Le grand retour de Rafsandjani au cœur de la république des mollahs montre que les sanctions contre l’Iran ont un effet réel : elles ont exacerbé la lutte sourde mais intense pour le pouvoir à Téhéran. L’ancien président Rafsandjani est un conservateur. Mais, à l’inverse d’Ahmadinejad, c’est un pragmatique, hostile à l’isolement de son pays auquel conduit la politique d’invectives et de confrontation d’Ahmadinejad.
L’élection de Rafsandjani à la tête de l’Assemblée des experts n’est pas un événement anodin.

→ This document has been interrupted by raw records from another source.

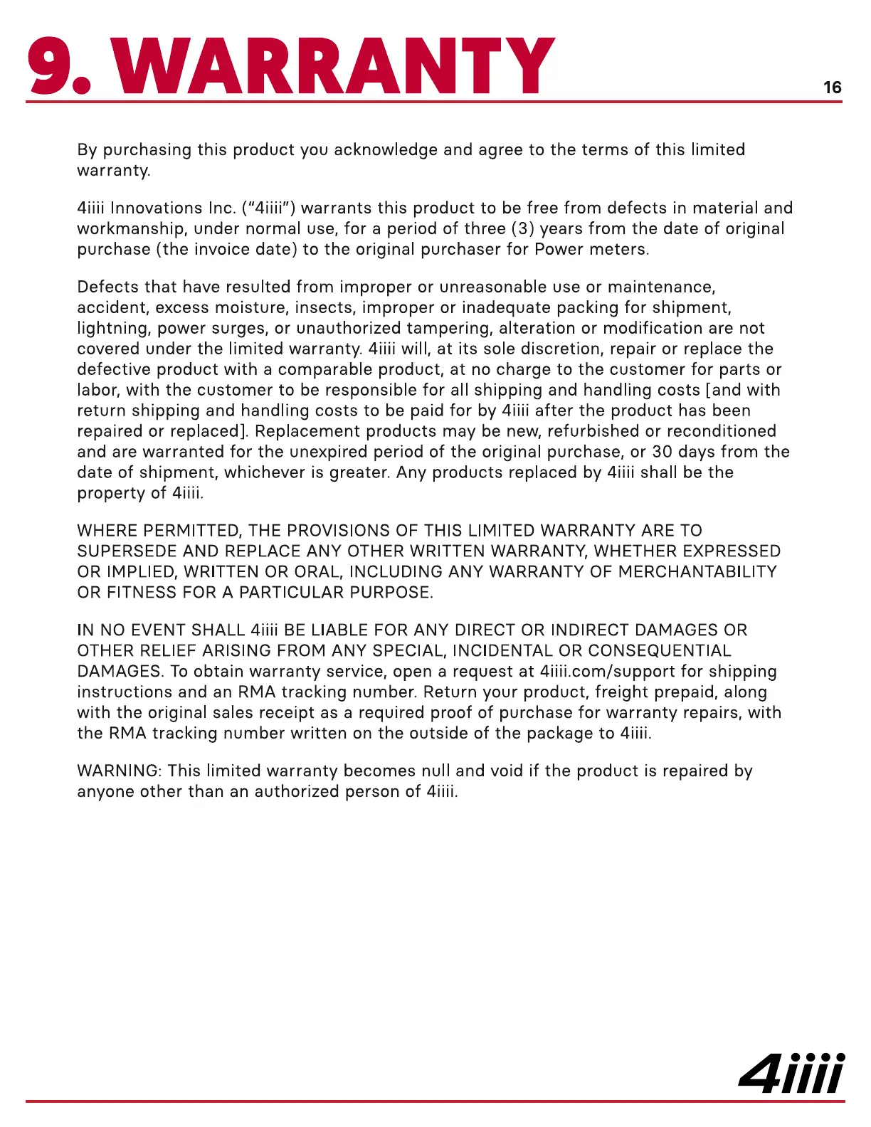 DAMAGES. To obtain warranty service, open a request at 4iiii.com/support for shipping
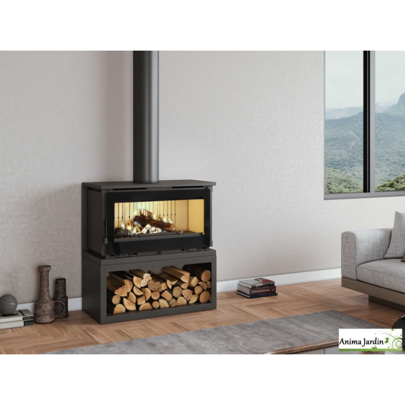 Découvrez le poêle à bois Cordoue III, avec son bûcher intégré et sa peinture anticalorique noire. Assurez une sécurité optimale avec un vitrage en verre vitrocéramique et une porte en fonte robuste.
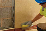 When scraping back through-colour render, take care not to make contact with the flexible membrane on the movement joint as this will cause it to fail.
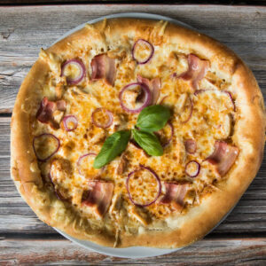Original price was: 3.850 Ft.3.350 FtCurrent price is: 3.350 Ft.MegnézemBBQ alap, bacon, roston csirkemell kocka, lila hagyma, mozzarella
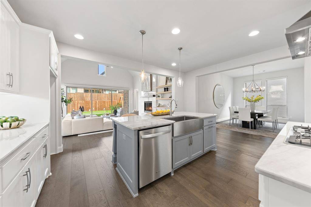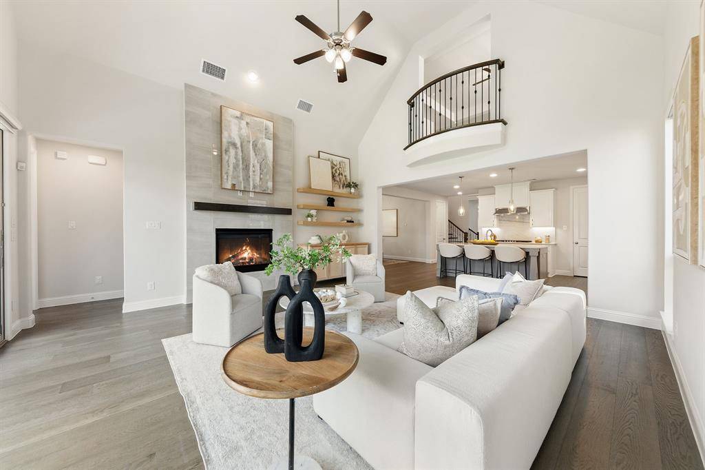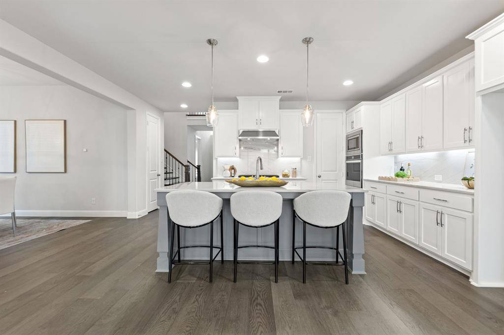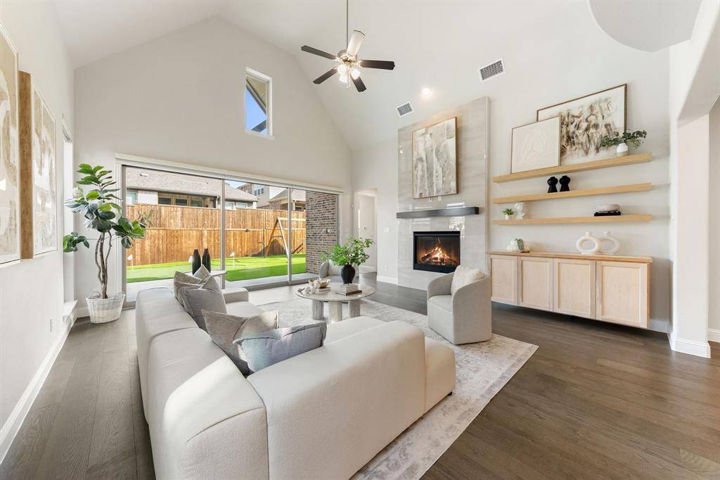 Designed for modern living, the home is fully hardwired with CAT6 internet for reliable high-speed connectivity. Automatic shades throughout the home can be scheduled for daily opening and closing, adding both convenience and energy efficiency. A dedicated media room is pre-wired for surround sound, perfect for movie nights or game days. The open kitchen and living areas flow seamlessly for both entertaining and everyday comfort.

En en prenant le contrôle, Rafsandjani se pose ouvertement en rival d’Ahmadinejad et en successeur possible du guide suprême, l’ayatollah Khameneï. La lutte entre conservateurs et modérés est une constante en Iran. L’élection d’Ahmadinejad, en 2005, avait mis un terme à la période réformiste qu’incarnait son prédécesseur Khatami. Désormais, le pendule revient vers les modérés.
Il y a de bonnes raisons à cela. L’économie iranienne se dégrade à toute allure en l’absence d’investissements étrangers dans les secteurs clés. L’essence est rationnée parce que le pays est incapable de raffiner son brut. Les promesses populistes faites par Ahmadinejad aux plus démunis sont restées lettre morte. Quant aux classes dirigeantes, elles s’inquiètent de voir l’intransigeance du président compromettre l’avenir du pays, quand la République islamique ferait mieux d’attendre sagement de cueillir les fruits des déboires américains.

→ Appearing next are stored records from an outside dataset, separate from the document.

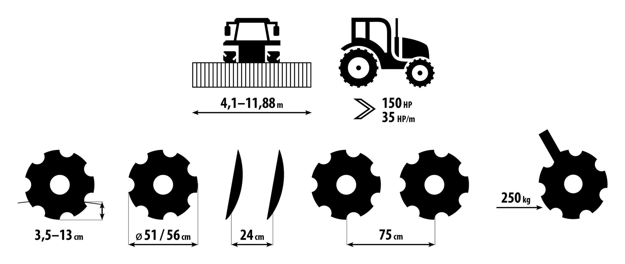 Дисковете с диаметър 510 мм / 560 мм се поставят в два реда. Всеки един от дисковете е вслучай при сблъскване с препятствието е самостоятелно защитен благодарение на каучуковото окачване.
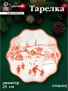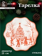 Тарелка новогодняя Доляна «Новогодние забавы», d=25 см, h=2 см, стекло, белая, красная
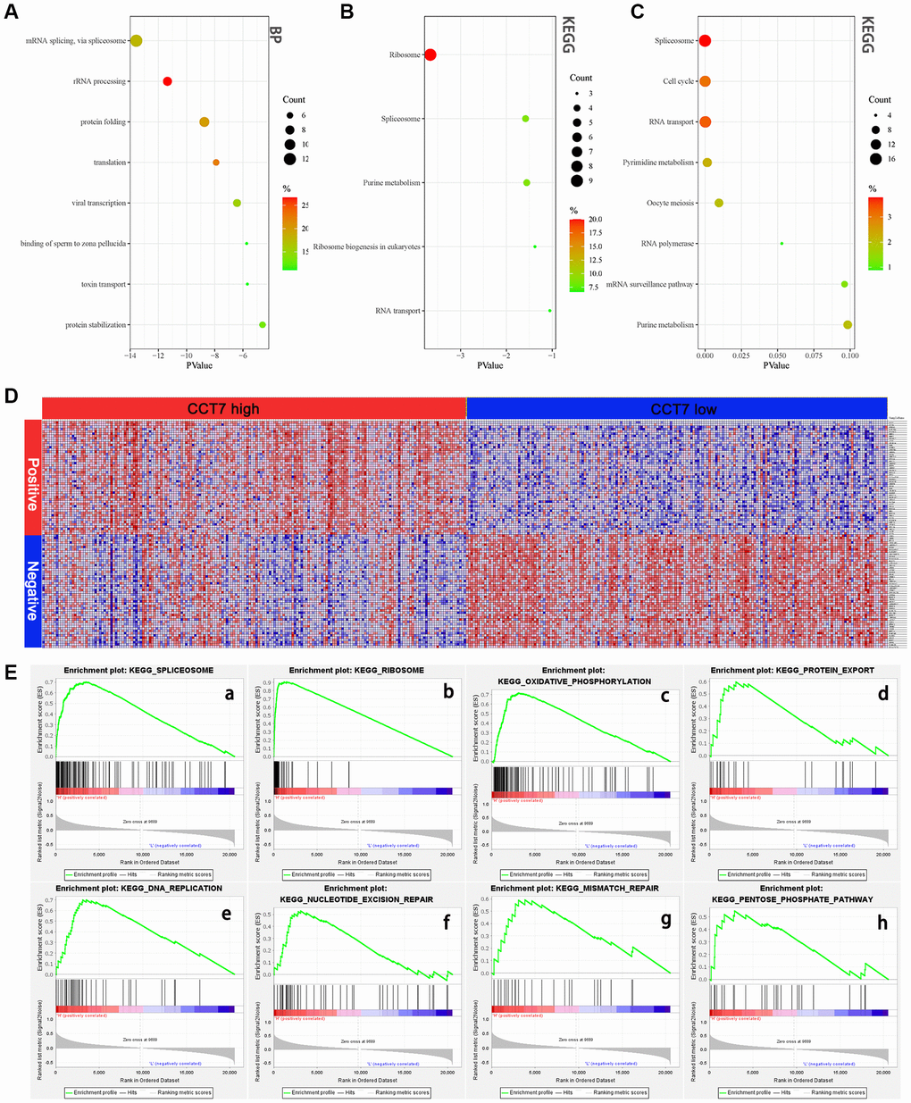 Figure 9. High CCT7 expression is associated with spliceosome gene expression in HCC patients. (A, B) The 45 genes co-expressed with CCT7 in HCC tissues, based on the GO Biological Process analysis (A) and KEGG pathway analysis (B). (C) The most significant survival-associated genes in HCC tissues, based on KEGG pathway analysis of data from the GEPIA database. (D) Heat map showing the median mRNA levels of genes co-expressed with CCT7 in HCC tissues in the GSEA. (E) The main enriched KEGG pathways of CCT7 based on GSEA. SPLICEOSOME (a), RIBOSOME (b), OXIDATIVE PHOSPHORYLATION (c), PROTEIN EXPORT (d), DNA REPLICATION (e), NUCLEOTIDE EXCISION PEPAIR (f), MISMATCH REPAIR (g), PENTOSE PHOSPHATE PATHWAY (h).

Nucléaire. La Corée du Nord, bon élève

Après quatre ans de laborieuses tractations, la Corée du Nord semble faire de gros efforts sur le chemin de la dénucléarisation. Mais à en croire les experts, l’abandon total de son arsenal n’est pas pour demain. “Pyongyang a accepté de faire l’inventaire complet de tous ses programmes nucléaires et de les démanteler avant la fin de l’année”, a annoncé dimanche, à Genève, Christopher Hill, le principal négociateur américain sur ce dossier. La Corée du Nord avait débuté sa dénucléarisation dans le cadre de l’accord de février, qui prévoit en échange une importante aide énergétique. Après avoir fermé en juillet son site de Yongbyon, Pyongyang doit à présent déclarer tous ses programmes et les désactiver. Washington promet d’ôter la Corée du Nord de “l’axe du mal” si elle tient ses promesses. Le retrait de cette liste, qui conditionne toute aide de la Banque mondiale, est une revendication importante de Pyongyang.


VITE !

Les groupes Suez et GDF ont fusionné après 554 jours de tergiversations. Le fruit des noces, un joli bébé baptisé “GDF Suez”, géant mondial dans le secteur de l’énergie, devrait voir le jour à la mi-2008 et peser 72 milliards d’euros.